+++ Dataset section +++

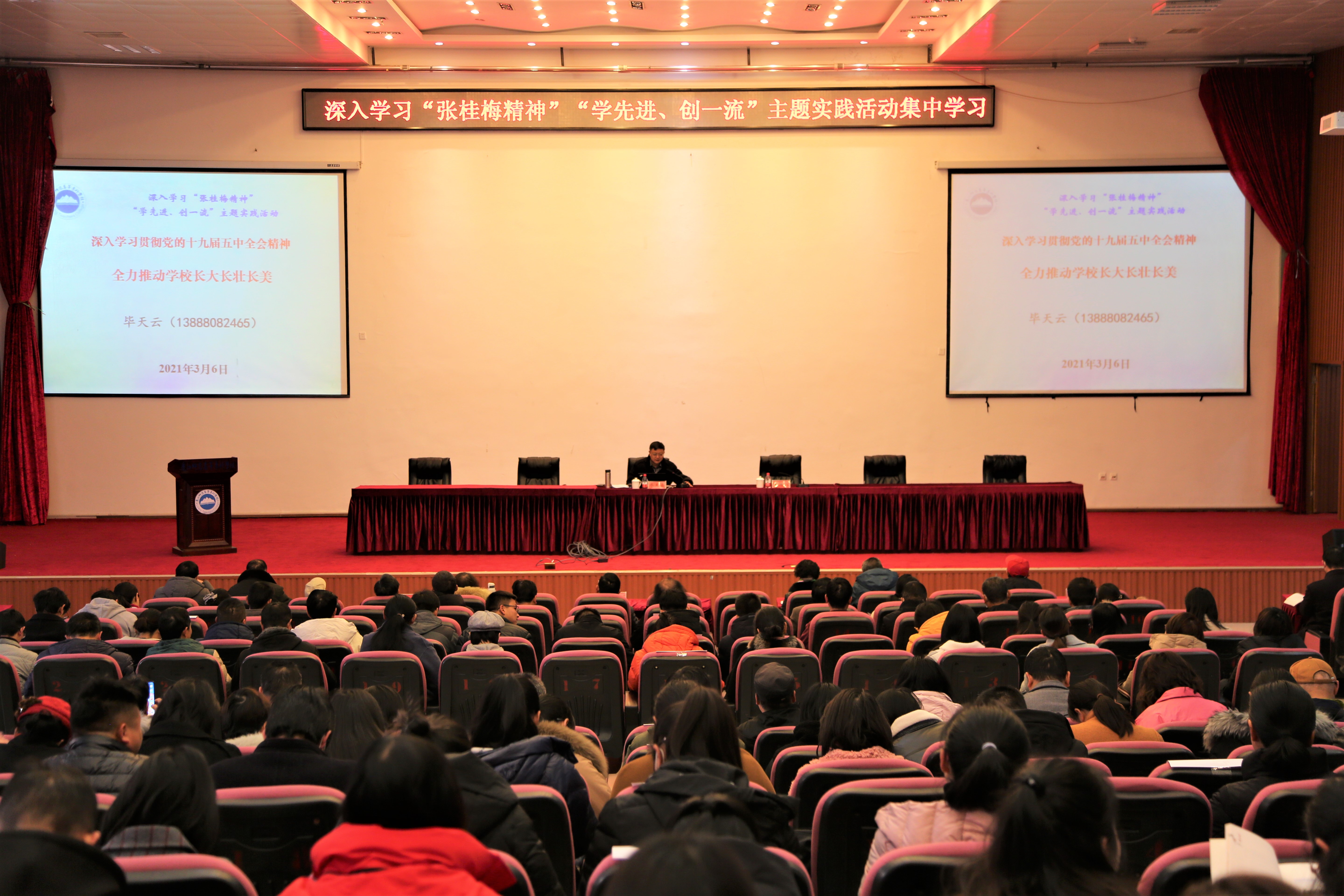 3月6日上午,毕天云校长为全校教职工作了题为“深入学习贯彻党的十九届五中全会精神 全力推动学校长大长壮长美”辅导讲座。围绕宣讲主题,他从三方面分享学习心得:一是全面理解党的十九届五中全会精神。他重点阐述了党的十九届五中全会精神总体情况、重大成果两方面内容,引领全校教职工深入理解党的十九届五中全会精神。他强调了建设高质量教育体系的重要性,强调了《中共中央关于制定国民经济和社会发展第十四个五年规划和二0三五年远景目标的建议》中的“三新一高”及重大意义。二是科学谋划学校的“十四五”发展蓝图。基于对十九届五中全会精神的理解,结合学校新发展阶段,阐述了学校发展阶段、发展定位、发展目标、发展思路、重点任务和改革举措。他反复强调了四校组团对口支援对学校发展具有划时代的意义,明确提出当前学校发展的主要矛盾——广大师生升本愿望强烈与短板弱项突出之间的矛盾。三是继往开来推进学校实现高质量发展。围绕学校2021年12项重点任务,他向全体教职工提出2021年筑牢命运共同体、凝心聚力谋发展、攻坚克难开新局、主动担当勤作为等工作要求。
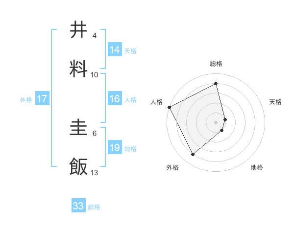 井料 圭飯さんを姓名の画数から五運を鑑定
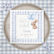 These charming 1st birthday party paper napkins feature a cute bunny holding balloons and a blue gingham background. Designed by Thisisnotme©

+++

Copy the material verbatim. The pictures are not part of the copy.

■ Solution for this exercise:
 3月6日上午,毕天云校长为全校教职工作了题为“深入学习贯彻党的十九届五中全会精神 全力推动学校长大长壮长美”辅导讲座。围绕宣讲主题,他从三方面分享学习心得:一是全面理解党的十九届五中全会精神。他重点阐述了党的十九届五中全会精神总体情况、重大成果两方面内容,引领全校教职工深入理解党的十九届五中全会精神。他强调了建设高质量教育体系的重要性,强调了《中共中央关于制定国民经济和社会发展第十四个五年规划和二0三五年远景目标的建议》中的“三新一高”及重大意义。二是科学谋划学校的“十四五”发展蓝图。基于对十九届五中全会精神的理解,结合学校新发展阶段,阐述了学校发展阶段、发展定位、发展目标、发展思路、重点任务和改革举措。他反复强调了四校组团对口支援对学校发展具有划时代的意义,明确提出当前学校发展的主要矛盾——广大师生升本愿望强烈与短板弱项突出之间的矛盾。三是继往开来推进学校实现高质量发展。围绕学校2021年12项重点任务,他向全体教职工提出2021年筑牢命运共同体、凝心聚力谋发展、攻坚克难开新局、主动担当勤作为等工作要求。
 井料 圭飯さんを姓名の画数から五運を鑑定
 These charming 1st birthday party paper napkins feature a cute bunny holding balloons and a blue gingham background. Designed by Thisisnotme©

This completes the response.